In the worst-case scenario, maybe the data records *were* downloaded. This isn’t likely, but it could happen. You’re in a pretty similar position as you would have been if you used the same password everywhere and a site with good security got breached. It’s still better than if a poorly-secured site were breached, though. You also have a list of sites where you need to change your password, so while it’s still *annoying*, you won’t forget any of them. (If you still consider the password manager trustworthy, you might even be able to click links from it directly to the change password pages instead of having to find them yourself.)

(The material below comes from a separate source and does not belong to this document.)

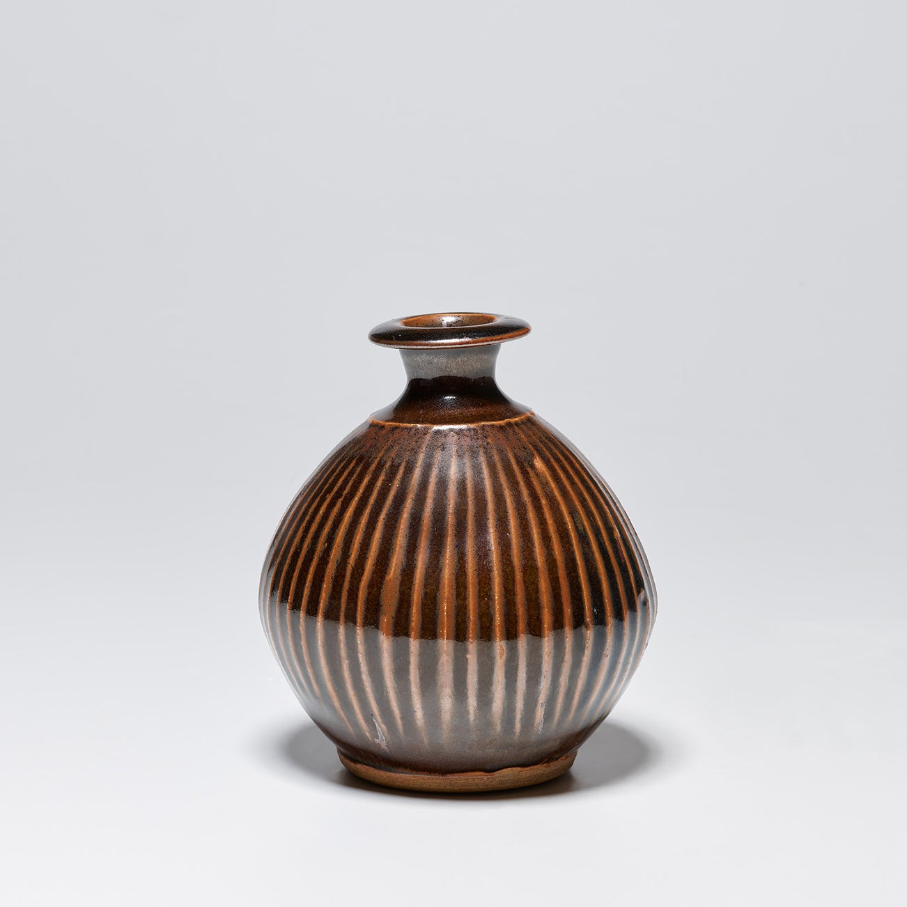 fluted stoneware body with tenmoku glaze

The other common way passwords are stolen is phishing. Password managers can also help here, since they won’t autofill on phishing sites.

I use a password manager, and have something like 250 passwords, from forums to shopping sites to multiple financial institutions.

The security comes from different passwords for each site.

The security of your bank vs your model train hobby forum are very very different. And thats picking a low ball. Look at breach lists and you will find 100s of sites that you would treat as trustworthy and should have security under control and get breached.

They all also have different complexity options, sometimes 6 chars sometimes 20.